Potential split‑brain issues

6. Redis Cluster

Redis 3.0 introduced a peer‑to‑peer cluster that shards keys into 16 384 slots. Clients are redirected to the node owning the slot, and the cluster uses a gossip protocol for node discovery.

Pros:

All‑in‑one deployment saves resources

Better performance than proxy modes

Automatic failover and slot migration with data availability

Officially supported with regular updates

Cons:

Relatively new architecture with limited best‑practice guidance

Limited multi‑key operation support

Clients must cache routing tables

Node discovery and resharding are not fully automated

7. Twemproxy

Multiple identical Twemproxy instances forward client requests to the appropriate Redis node based on a hash algorithm.

Pros:

Simple development, almost transparent to applications

Mature and widely used solution

Cons:

Proxy adds latency and can become a performance bottleneck

Scaling Twemproxy can be difficult

Redis expansion is cumbersome

Twitter has deprecated this approach internally

8. Codis

Codis, open‑sourced by Wandoujia, uses ZooKeeper for routing metadata, a web UI for management, and a stateless proxy compatible with the Redis protocol. It builds on Redis 2.8 with slot support.

Pros:

Simple development, nearly transparent to applications

Better performance than Twemproxy

Graphical UI, easy scaling, convenient operations

Cons:

Proxy still impacts performance

Many components require more machines

Modified Redis code makes upstream sync difficult

Future focus shifting to reborndb

Best Practices

Deploy Sentinel clusters with at least five nodes.

Share a Sentinel cluster across large services, proxying all ports.

Allocate distinct Redis port ranges per business.

Implement custom scripts in Python for flexibility.

Scripts must check the current Sentinel role.

Pass parameters: .

Use paramiko for SSH to avoid repeated connections.

Disable UseDNS no and GSSAPIAuthentication no to speed up SSH.

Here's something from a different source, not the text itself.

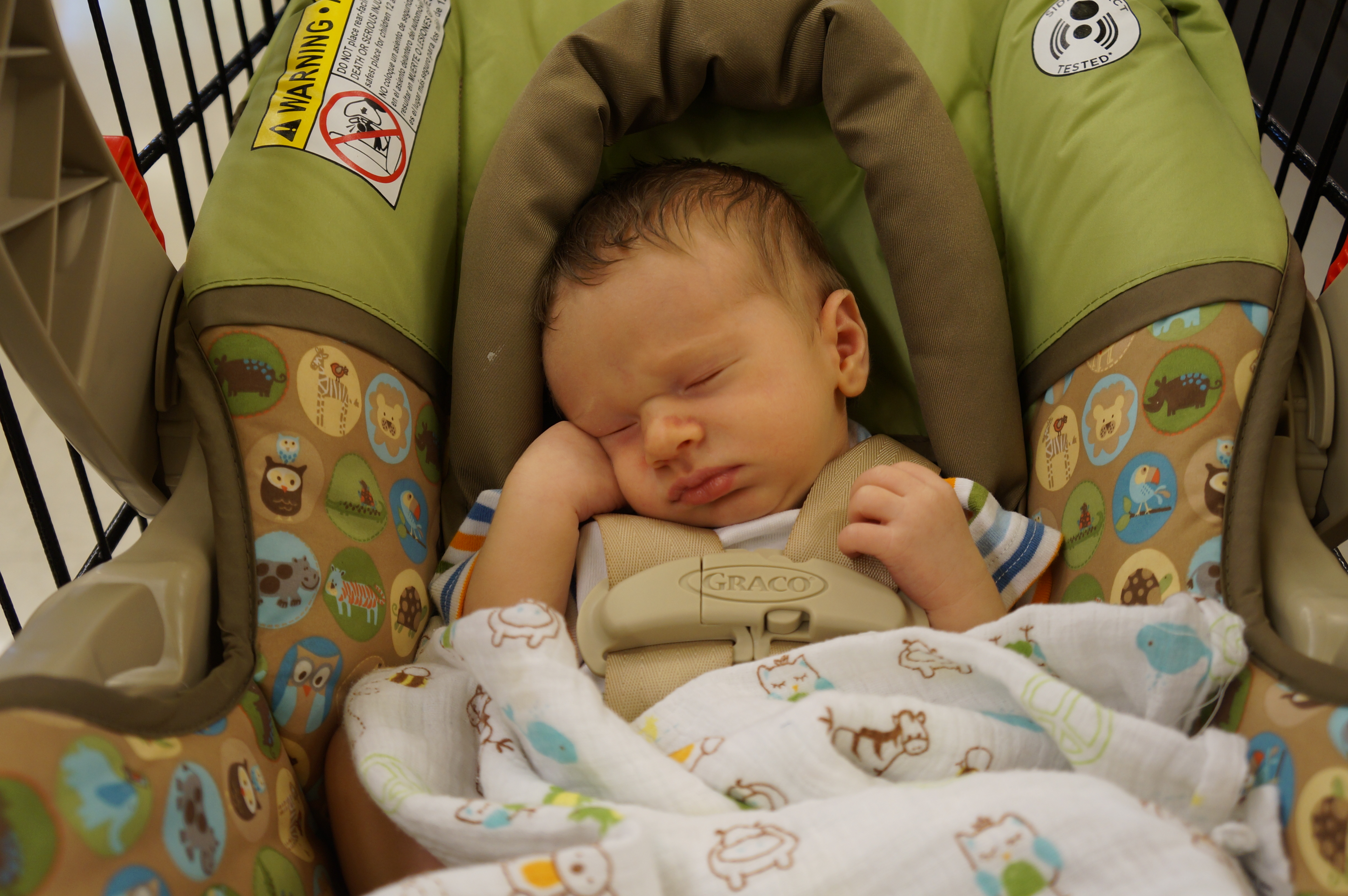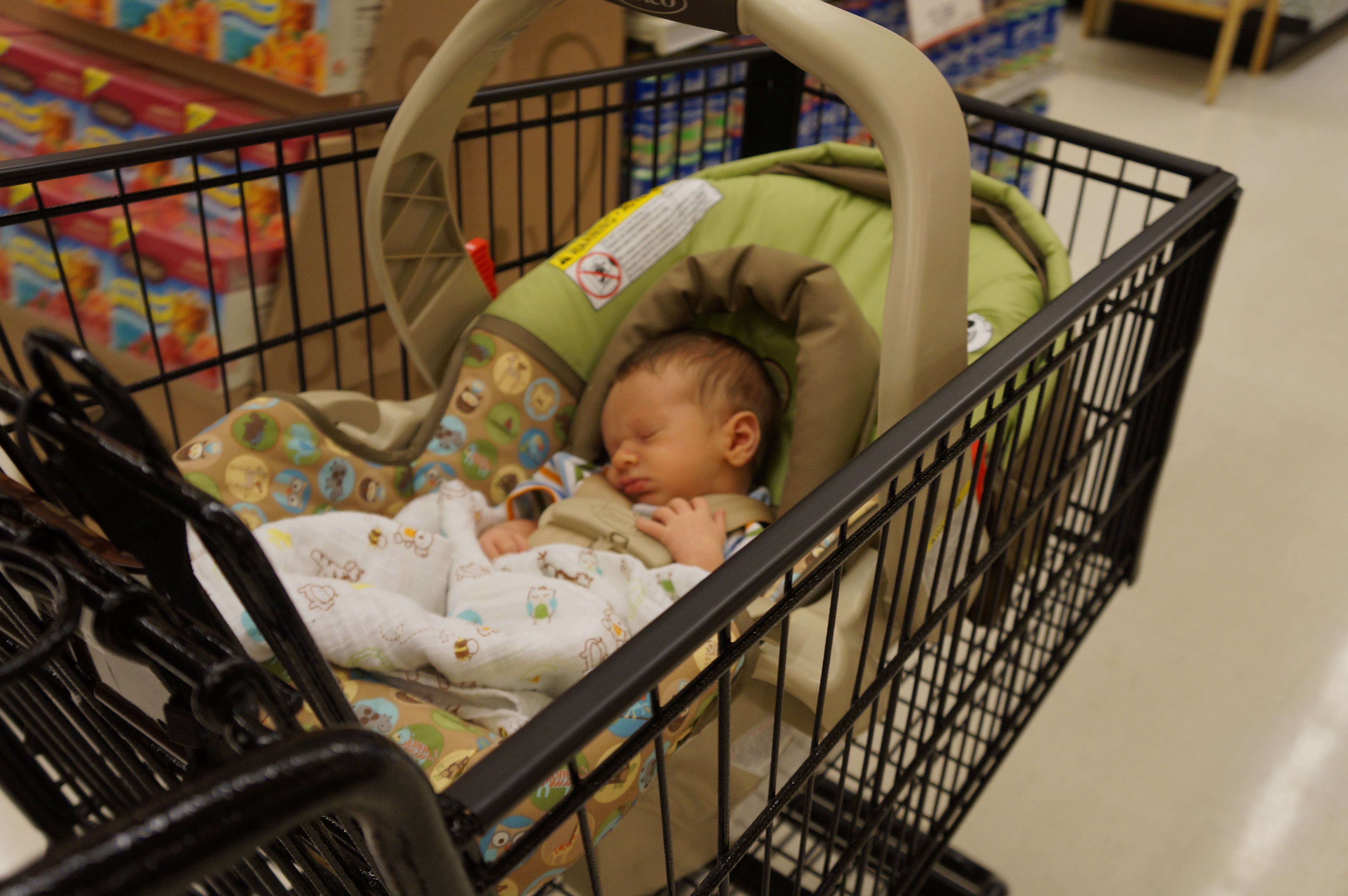 On the 4th of July, Jan and I took Ari to New Seasons for his first grocery store trip. It turns out the carrier takes up an entire shopping cart, so it’s not a good way to carry him in a store!

Fork a separate process for WeChat or email alerts to avoid blocking the main process.

All automatic or manual failover actions should complete within 15 seconds.

Conclusion

The talk highlighted the necessity of Redis high availability, explained Sentinel internals, compared several HA architectures, and shared practical best‑practice recommendations, providing a solid reference for building reliable Redis services.